Efectos fisiológicos
Estar a 8.000 pies de altitud equivale a respirar oxígeno al 15,1% a nivel del mar. Esto implica una caída de la concentración de oxígeno. En sujetos sanos, en general no produce síntomas. Sin embargo, en personas con enfermedades respiratorias crónicas y cierto grado de hipoxemia basal (baja cantidad de oxígeno respirando aire ambiente), la disminución de la concentración de oxígeno sí puede causar problemas.
Expansión de gases atrapados
A medida que ascendemos, la presión barométrica disminuye y los gases corporales atrapados en el interior se expanden. Esto puede provocar en sujetos sanos algunas molestias en el oído, en los senos paranasales, etc. En pacientes con enfermedades respiratorias e incluso en sujetos jóvenes aparentemente normales, con pequeñas bullas apicales, puede causar problemas más graves.
Humedad de la cabina
Dentro del avión, es menor. Puede causar sequedad, molestias oculares y nasales que se acentúan en los pacientes con problemas respiratorios.
Limitación de movimientos
Estar mucho tiempo sentado hace que se acumule sangre en las piernas, lo que puede originar hinchazón, tirantez y puede favorecer el desarrollo de trombosis venosa profunda.
Aspectos psicológicos
A algunas personas puede causarles ansiedad
2. Padezco una enfermedad respiratoria crónica y quiero viajar en avión. ¿qué debo hacer?
A) Si usted presenta una de las siguientes enfermedades, acuda a su neumólogo antes de planificar el viaje. Usted precisa una visita médica de evaluación
- Enfermedad pulmonar obstructiva crónica (EPOC) moderada-grave;
- Asma persistente grave;
- Enfermedad restrictiva grave (incluidos trastornos de la caja torácica y de los músculos respiratorios);
- Fibrosis quística;
- Historia de intolerancia a viajes en avión por síntomas respiratorios (disnea, dolor torácico, confusión o síncope);
- Otras enfermedades no respiratorias (enfermedad cerebrovascular, cardiopatía isquémica, insuficiencia cardíaca);
- Tuberculosis pulmonar;
- Neumotórax reciente;
- Riesgo de enfermedad tromboembólica venosa o episodio previo;
- Utilización previa de oxigenoterapia o soporte ventilatorio.

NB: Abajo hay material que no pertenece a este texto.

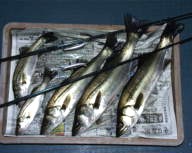 (5月31日)今日は前回ガイドをした渥美さんをガイドしてきました。当日は無風ベタナギ!おまけに潮がタルイとまさしく最悪の状況!金曜日という事もあり、キビレ釣りが多いだろうなあーと思ったものの誰ひとりとして見えない。あー皆サッカーでも観てるんだろうと思いながら3番ミオへ。タルイ潮の中3本私がキャッチし、渥美さんにもヒット!が、しかし、なんじゃ?ウ・ウグイじゃった。がっかりする間もなくまた渥美さんにヒット!35cmクラスのシーバスを無事キャッチ。時間になったので本日終了です。 psあー釣れて良かった。ホッ by 良太 |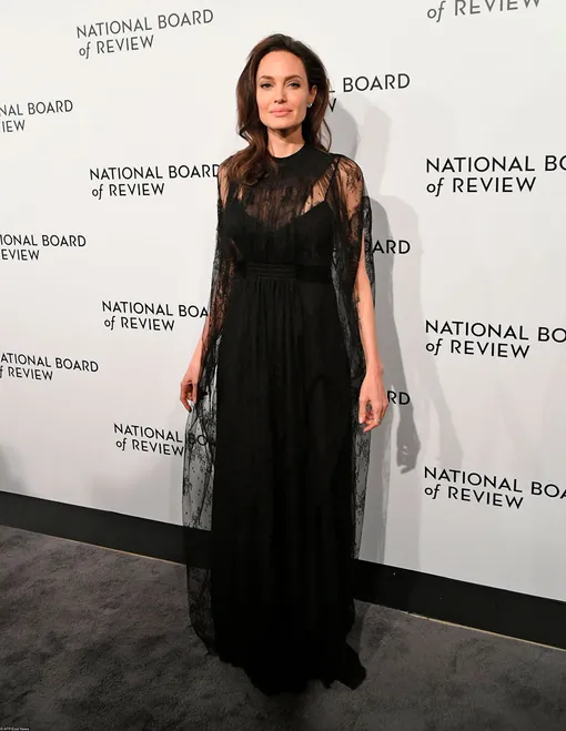 Если во время церемонии вручения премии «Золотой глобус — 2018» все дамы блистали в черных нарядах по причине флешмоба Time's Up, то Анджелина Джоли выбирает этот цвет независимо от народных настроений. И никогда не ошибается. Для красной дорожки гала-вечера National Board of Review Awards Gala в Нью-Йорке она выбрала платье от Valentino с полупрозрачной кружевной отделкой. На мероприятии ее сопровождали дочери: Шайло, которая недавно сломала ключицу во время катания на сноуборде, и Захара.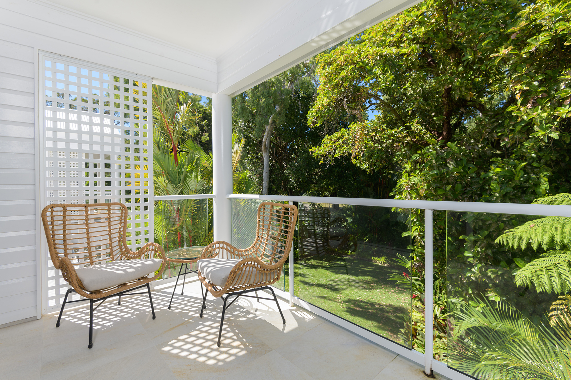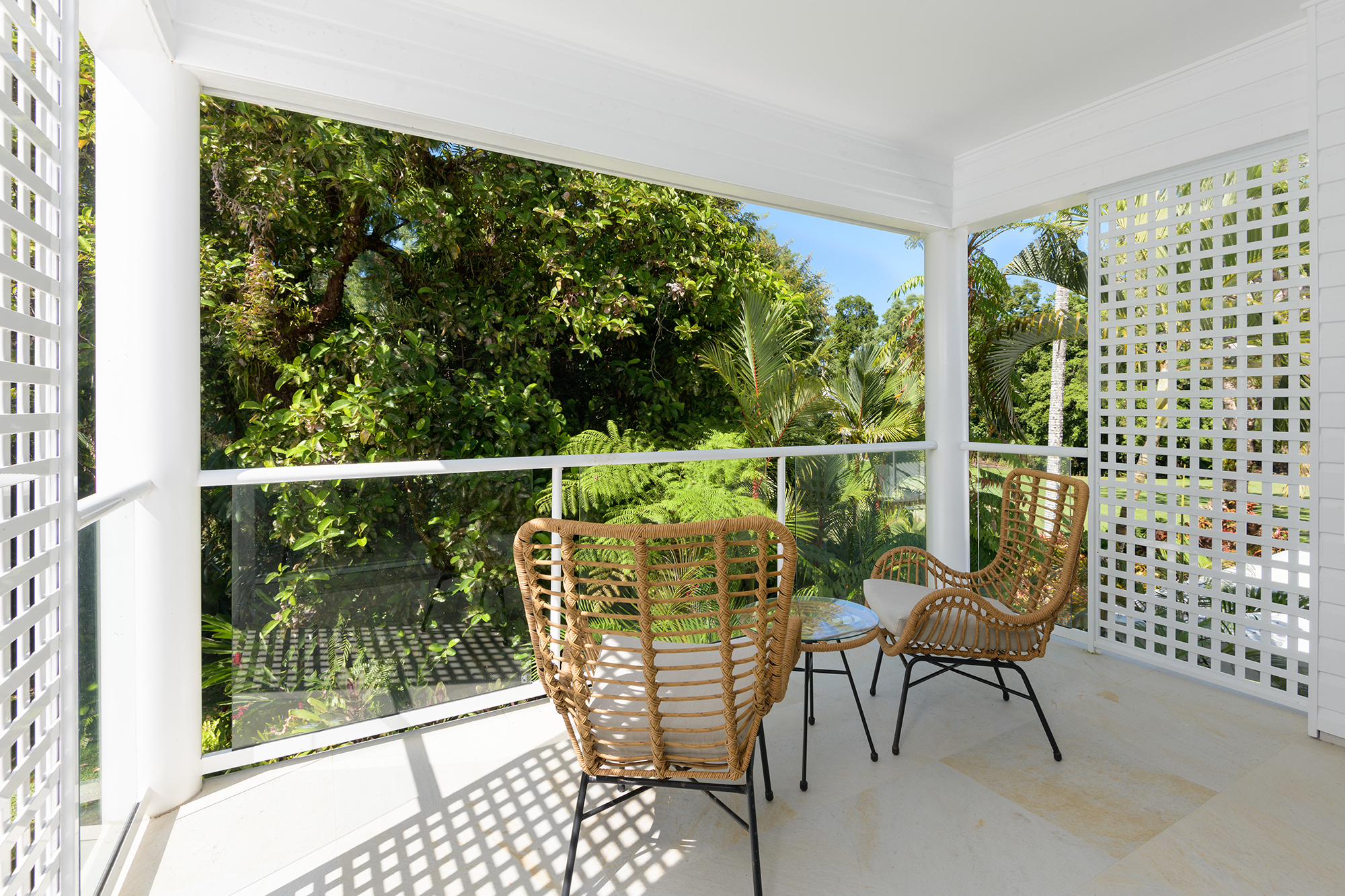 The two bedrooms are both truly king size. The master on the first floor is accessed via an elevated skywalk and has its own east facing balcony overlooking the grounds and the ground floor guest suite provides a private open aired walled retreat.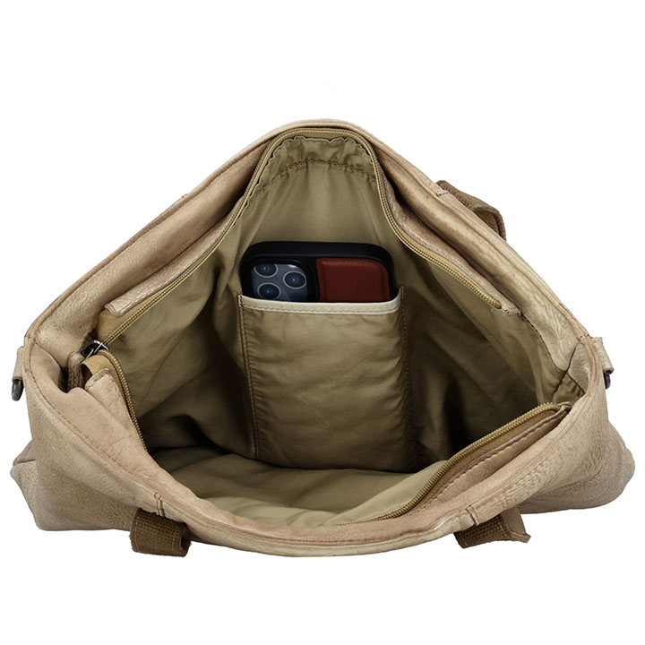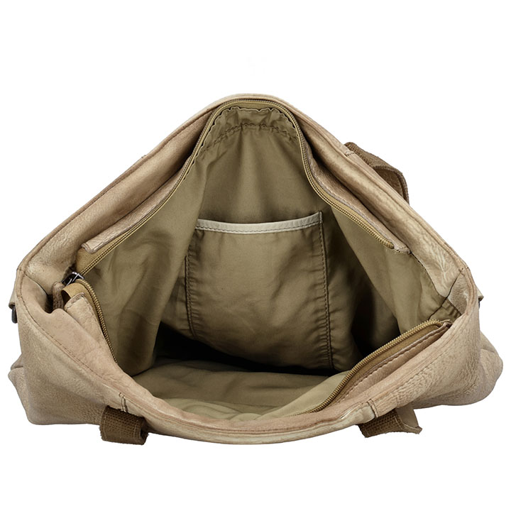 Op de bovenzijde heeft de tas het hoofdvak met ritssluiting. Intern heeft de tas een steekvak en een binnenvak met ritssluiting. Ook heeft de tas een steekvak op de achterzijde. Door de vakindeling is de tas praktisch in gebruik en kunt u gemakkelijk uw spullen gescheiden meenemen. Het formaat van de tas is 37 x 35 x 8 cm.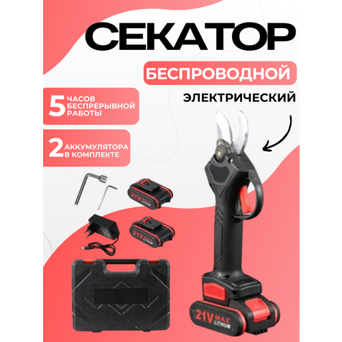 Ручной садовый секатор аккумуляторный 2 АКБ, электрический сучкорез для обрезки деревьев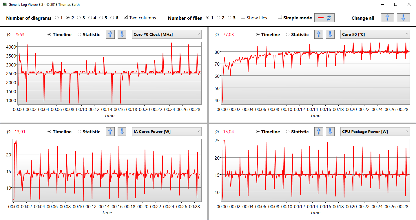 Während die Grafikkarte dauerhaft mit fast unverminderter Kraft rechnen kann, arbeitet der Prozessor nur knapp oberhalb seines Basistaktes von 1,8 GHz. Wohl gemerkt, wir sprechen nicht von Throttling (Unterschreiten des Basistaktes) und in der R15-Dauerschleife lag der Takt bei ca. 2,5 GHz, also im Turbo-Bereich.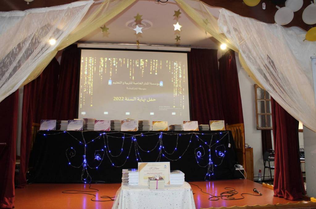 لكل بداية مشرقة انجازات مثمرة ولكل جد وكفاح فوز وفــــــلاح تم ولله الحمد والمنة حفل ختام الموسم الدراسي لمتوسطة المنار يوم الثلاثاء 14 من ذي القعدة 1443ه / 14جوان 2022م.. تنافست الطالبات في الحفل بتقديم أجمل الأنشطة وباختيار أروع الكلمات.. بمشاركة مبهجة للإدارة العامة لمؤسسة المنار للتربية والتعليم ممثلة في رئيس المؤسسة.. وبحضور مبهر للأولياء آباء وأمهات.. وقد مرّ الحفل بأروع المحطات من افتتاح بآيات بينات وكلمات تنشطية وتحفيزية وأنشطة بمختلف اللغات عربية وفرنسية وإنجليزية، تخلّله عرض ملخّص يصوّر للحاضرين بعض أنشطة الموسم.. والمحطات الأهم في الحفل تكريم المستظهرة لكتاب الله والخاتمات له وكل الناجحات بالامتياز والتهنئة والتشجيع ولوحة الشرف.. ندعو الله الصلاح والسداد لبناتنا ودوام الرقي لمؤسستنا.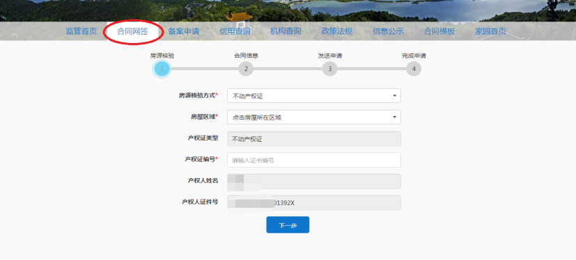 出租人完成上述实名认证注册并登录后,点击“合同网签”进入受理界面,其中房屋核验方式分为不动产权证、房屋所有产权证和商品房备案合同,选择一种方式并填写其中的空白内容,完成后点击“下一步”: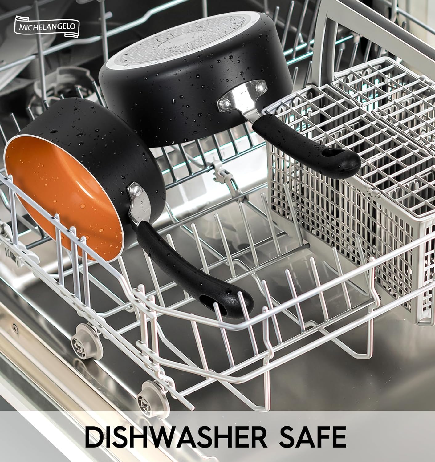 - [FAST & EVEN HEATING] - The cooking pots in our sauce pan set have durable aluminum alloy bases that greatly enhance heating performance. Suitable for all stovetops. Dishwasher safe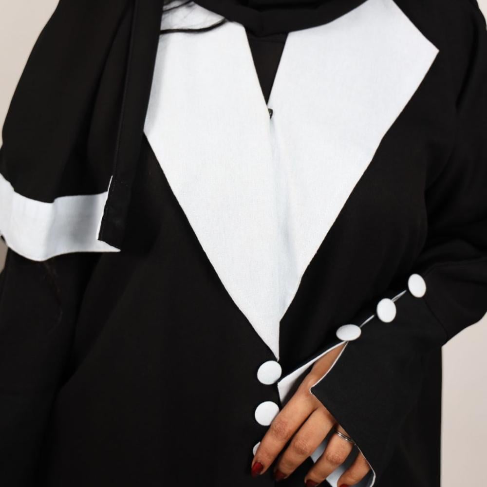 وصف المنتج : عباية بقماش الميني ميت بقصة مميزه من الاكمام وياقة بلون سماوي ناعم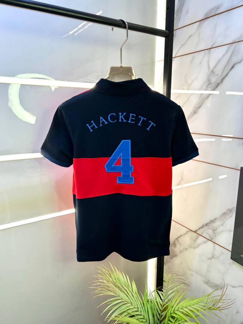 Hacket t London Navy Back Print Collar Neck Premium Polo T-shirt F3505-NY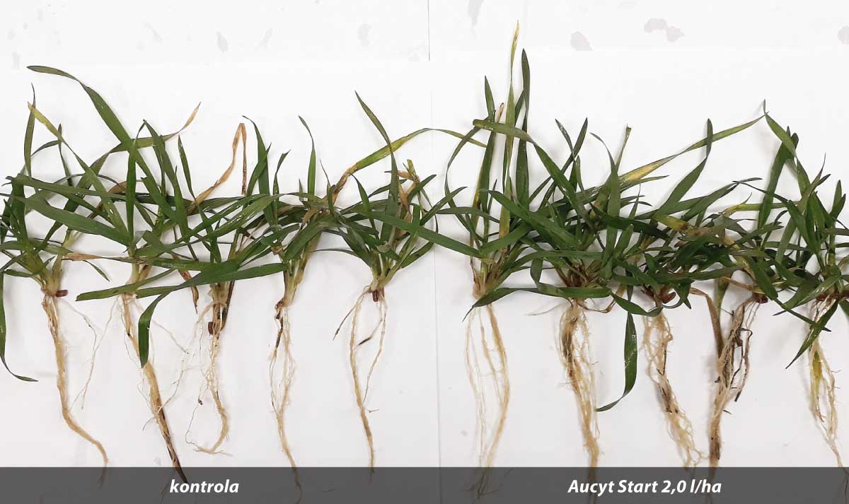 Aplikace cytokininového přípravku Aucyt Start (dávka 3,0 l/ha), byla provedena ve formě podzimního i jarního ošetření. Výnosově, se jeví jako vhodnější jarní aplikace (105,2 proti 104,2 % na kontrolu). Velmi důležitým přínosem podzimní aplikace, je však silná podpora produktivních odnoží a kořenů již v podzimním období. Tyto odnože, pak v případě jarního sucha, nejsou nijak „ohroženy“ a tvoří základ, pro dostatečnou hustotu rostlin a následný výnos. Ze získaných dat v tabulce 1. vyplývá, že podzimní aplikace výrazněji zvýšila počet středních a silných odnoží. Nedošlo však k žádnému navýšení těch neproduktivních. Jarní ošetření naopak výrazněji zvýšilo počet produktivních odnoží, stejně jako těch středních, počet neproduktivních zůstal beze změny. V obou případech se toto pozitivně promítlo do zahuštění porostu o 5,2 a 7,2 %. Důležité bylo, že podpora odnožování po aplikaci Aucytu Start, neprobíhala nekontrolovaně a nedošlo k masivnímu vývoji neproduktivních odnoží, které by oslabovaly rostliny a snižovaly výnos. Absolutní rozdíl v nárůstu výnosu zrna, byl např. v roce 2020 u podzimní a jarní aplikace Aucytu Start 845 kg a 882 kg zrna/ha.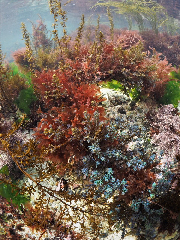 A while ago I played around with taking pics of the underside of a buoy, which was fun, and so i wanted to practice this some more. My mistake the first time (see here) was to use a fast shutterspeed (the buoy was bobbing about after all) which made the water look unnaturally dark. I tried again this weekend and it went a bit better, although I already know I can improve things. This time I thought it would be nice to put some names to the amazing fouling biodiversity (I did this before for some seaweed images, see here). Crustaceans (tube-dwelling Jassa), Sponges, Bryozoans, Seaweeds but especially a lot of Tunicates (seasquirts; both solitary and colonial species). David Fenwick (of AphotoMarine fame) had a quick look to help with some IDs; there is a more there but this was not meant to be exhaustive. I have underlined species that are invasive. Anyway, I am sure I will post more of these types of images: the buoys are always there and these organisms do not swim off when you try to take a photo!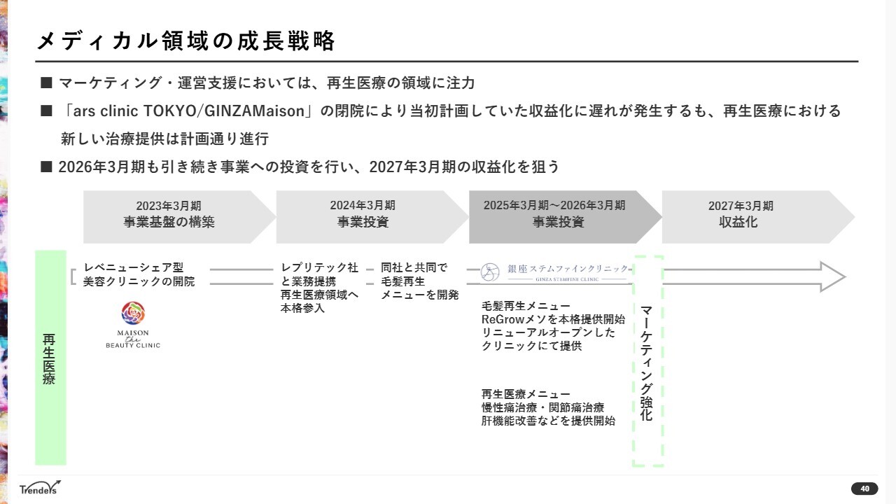 現在のメディカル領域の取り組みとしては、再生医療を手掛ける「銀座ステムファインクリニック」において、再生医療領域に特化したかたちで事業を継続しています。
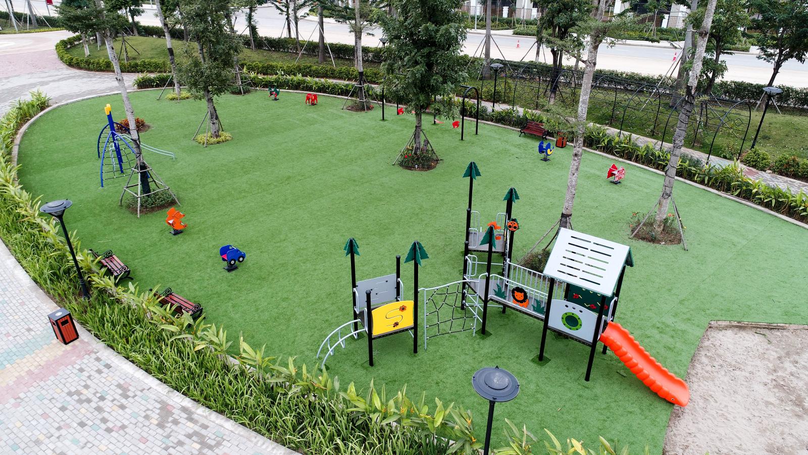 A 4.5-hectare regulating lake with walking paths and playgrounds

A nivel general se recomienda que las personas que padecen alguna de las siguientes enfermedades no debieran viajar en avión.
Absolutas
- Insuficiencia respiratoria aguda;
- Tuberculosis bacilífera;
- Pasajeros procedentes de áreas con transmisión local del síndrome respiratorio agudo grave (SARS) con síntomas respiratorios;
- Contactos de casos probables o confirmados de SARS con exposición hace menos de diez días;
- Neumotórax no drenado;
- Cirugía torácica mayor en las dos semanas previas;
- Contusión pulmonar;
- Enfisema subcutáneo o mediastínico;
Relativas
- Resolución de un neumotórax espontáneo hace menos de seis semanas;
- Cirugía torácica mayor en las seis semanas previas;
- Buceo en las 24 horas previas.
Una vez realizada la visita y las pruebas complementarias necesarias, su médico le informará de la conveniencia o no de viajar en avión y de los trámites que debe realizar.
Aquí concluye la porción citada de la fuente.